People from Delaware tend to be pretty laid back – the majority of us live in rural, small towns, where we know our neighbors and take our time, enjoying life in the country. Even those of us in the city tend to be more mild mannered than our northern neighbors (Sorry, Philly – but we wouldn’t throw batteries at Santa Claus, or destroy a peace-loving robot…).
That being said, there are a few things you can do to really make us mad – and you don’t really want to put anyone in that position, right? So just keep this list in mind next time you travel through the First State.
1. Say "Dela-where?!"
HA HA HA GET IT?! Yes, we get it. We've heard it before. And you can stop now.

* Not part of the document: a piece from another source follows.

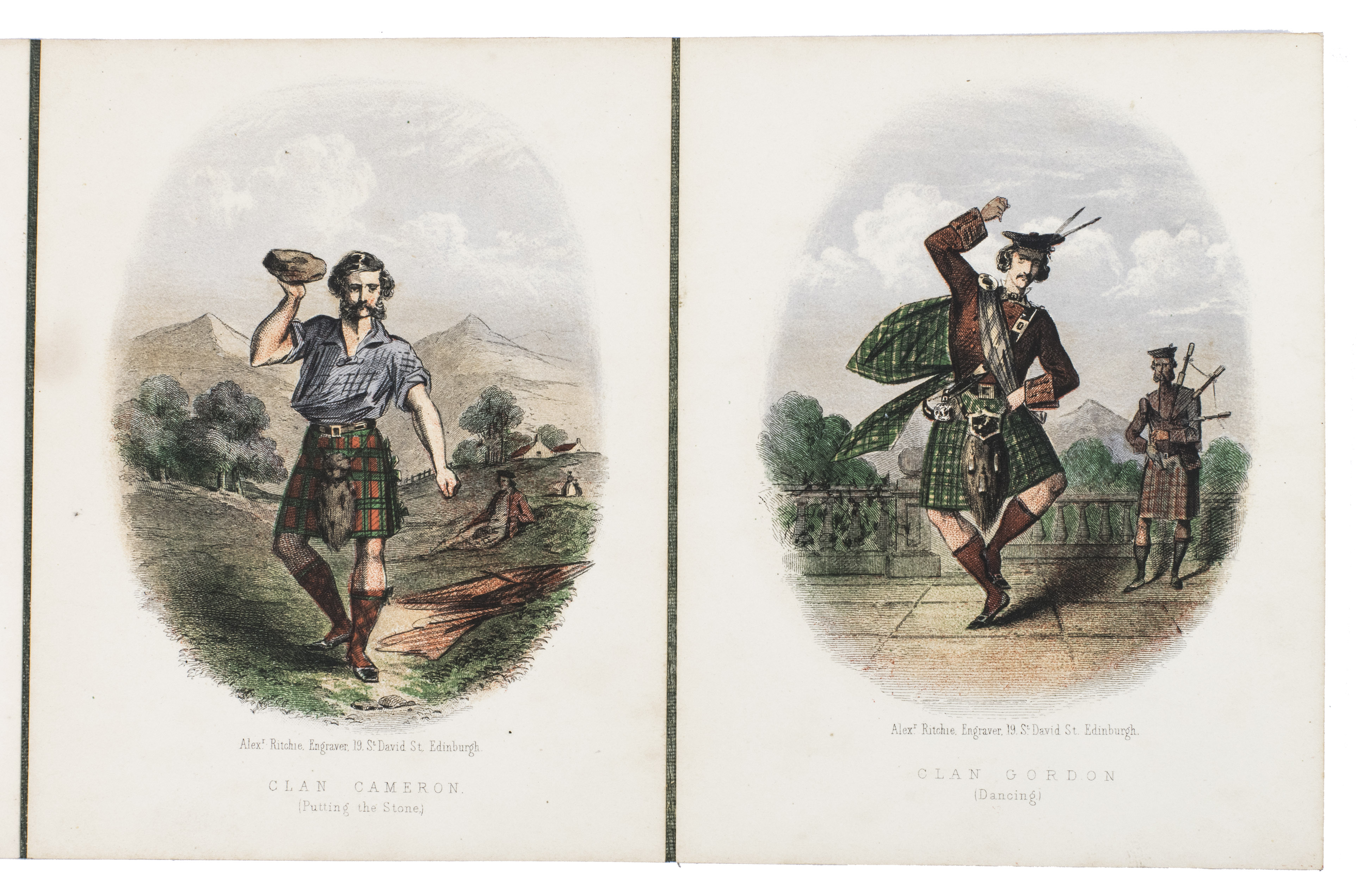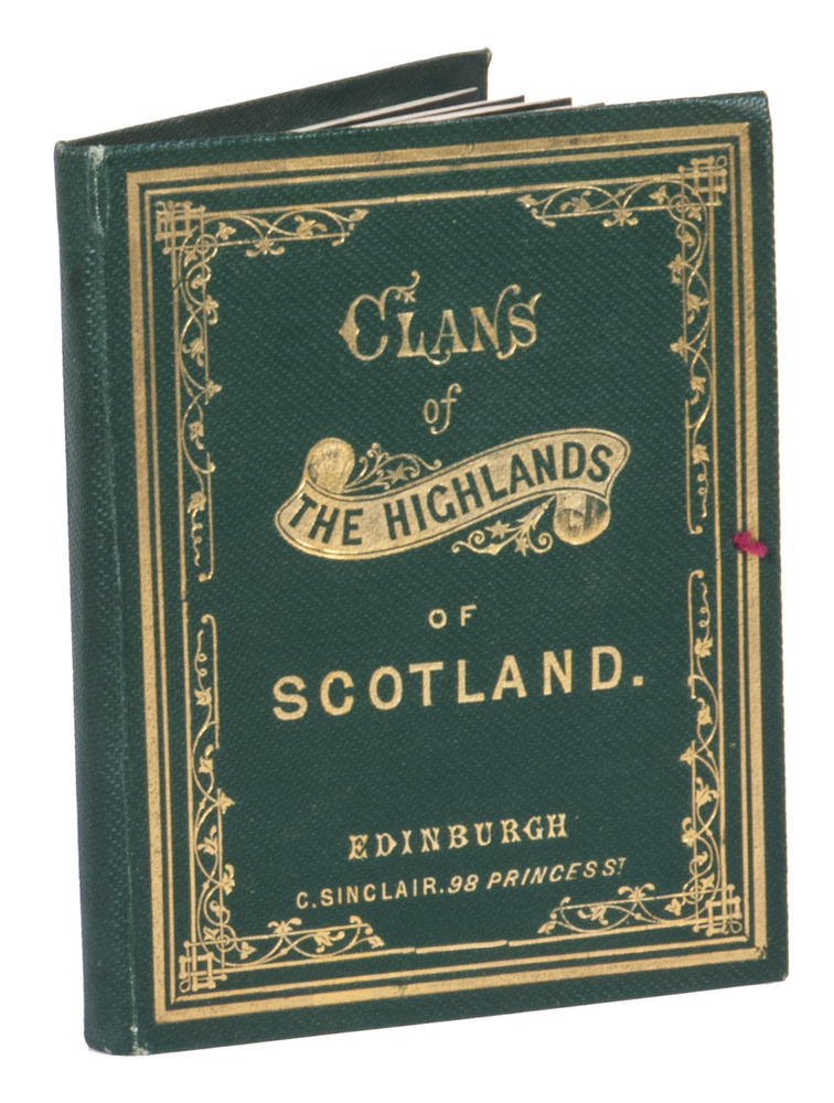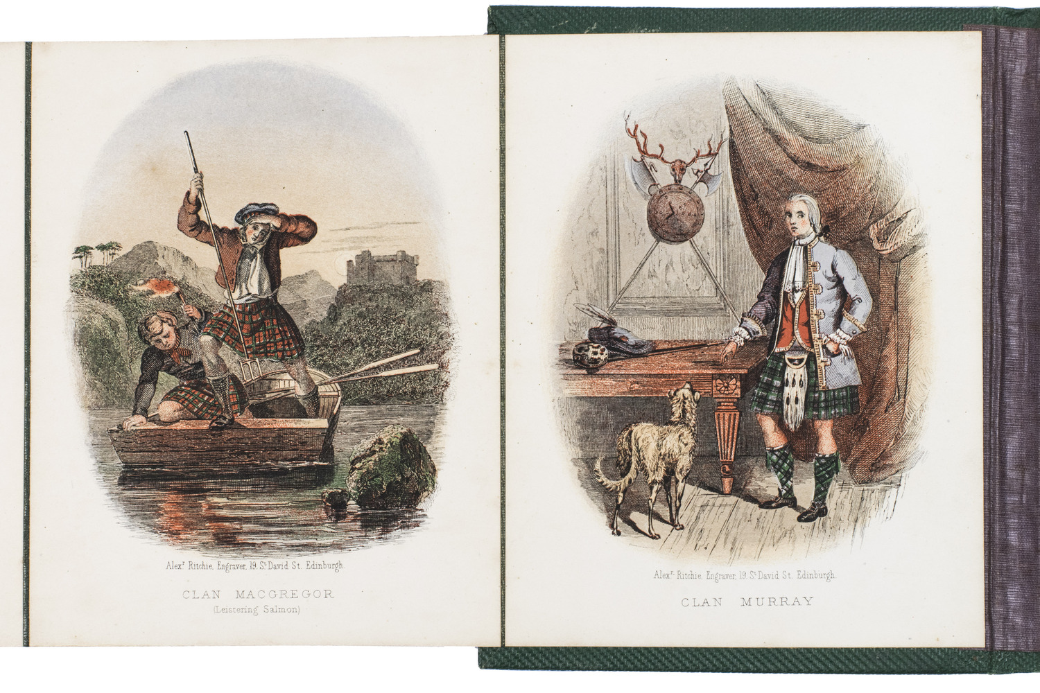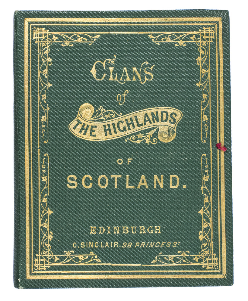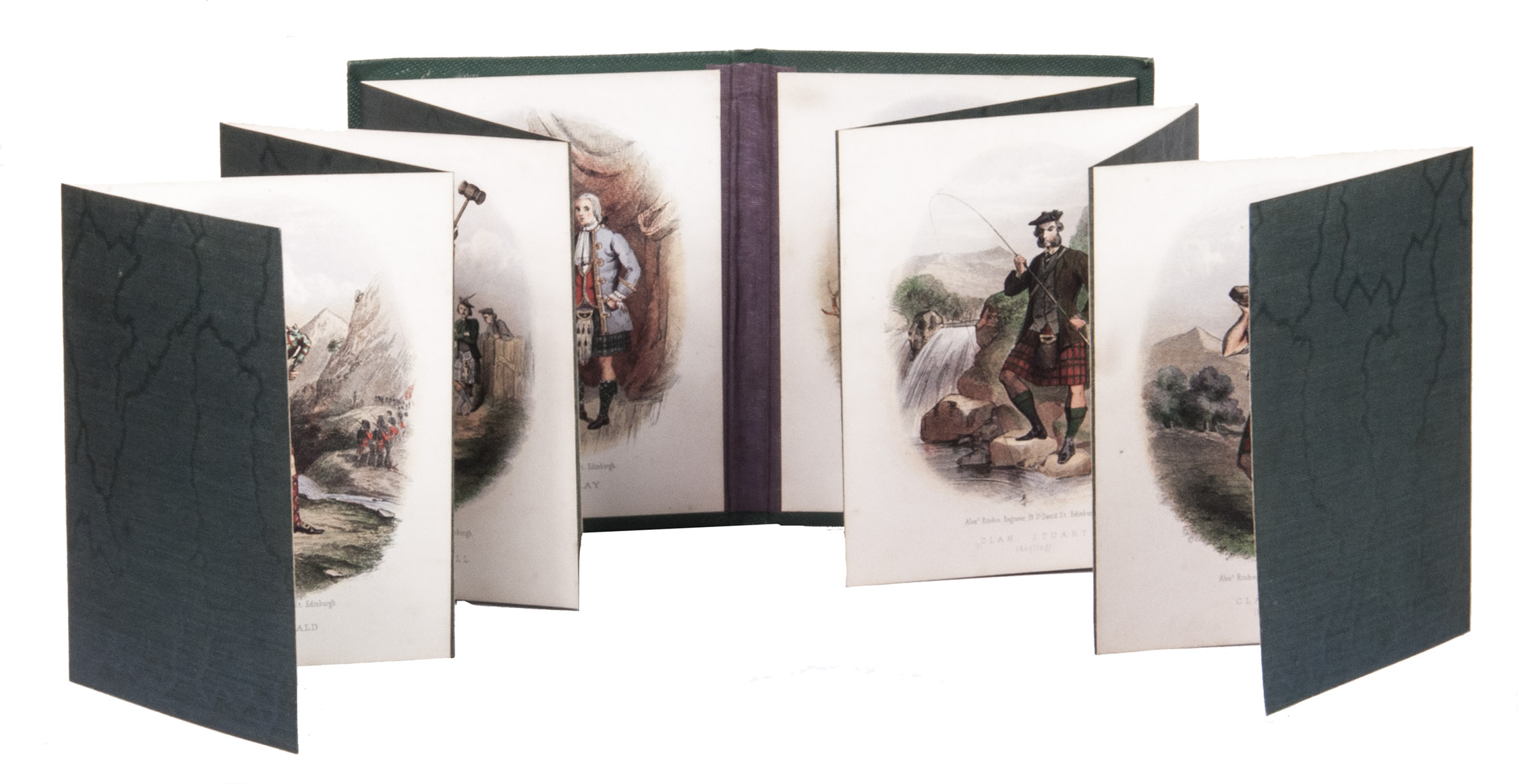 Edinburgh, C. Sinclair, [between 1850 and 1873]. 15.5 x 12 cm. With 12 very detailed, hand-coloured engravings of Scottish men representing 12 clans in their traditional tartans. All engravings are mounted on dark green moiré-grained cloth in 2 sets of 6, respectively folding out from the front and back pastedowns. All engravings are captioned in the plate, giving the name of the clan depicted and a short description of the scene, and signed by the engraver, Alexander Ritchie. Original publisher's gold- and blind-stamped green wave-grained cloth, with the title in gold within an elaborate gold-stamped frame on the front board and a blind-stamped ornamental oval centrepiece (a personification of Scotland?) within an elaborate blind-stamped frame on the back board, remnants of red cloth ties. [2 sets of 6 engravings folding out].

2. Charge us for sales tax.
Get out of here with that, other states. We'll keep shopping in Delaware if you're gonna charge us to spend money.
3. Diss our seafood.
Look, Maryland has great seafood. We know that. But we also know that some of our local seafood restaurants can serve up catch that's just as good, or better, than even the best Maryland places. And honestly? In Delaware, it's usually cheaper.
4. Crowd our country roads.
Ugh, tourist season. When even the most rural roads in slower lower get mucked up with people looking for a shortcut. Guess what, there aren't any. Stay on the main roads and leave the scenic byways to us.
5. Claim Wilmington is "dangerous" or "scary."
Every city has its rough spots, and Wilmington has some neighborhoods that you really shouldn't explore on your own. But overall, it's a beautiful city, and the vast majority of it is lovely. The Riverwalk is great and Trolley Square is one of the coolest places in the entire state. Plus, Alapocas Run State Park and the Brandywine Creek! Wilmington is so underrated, and it's such a great city.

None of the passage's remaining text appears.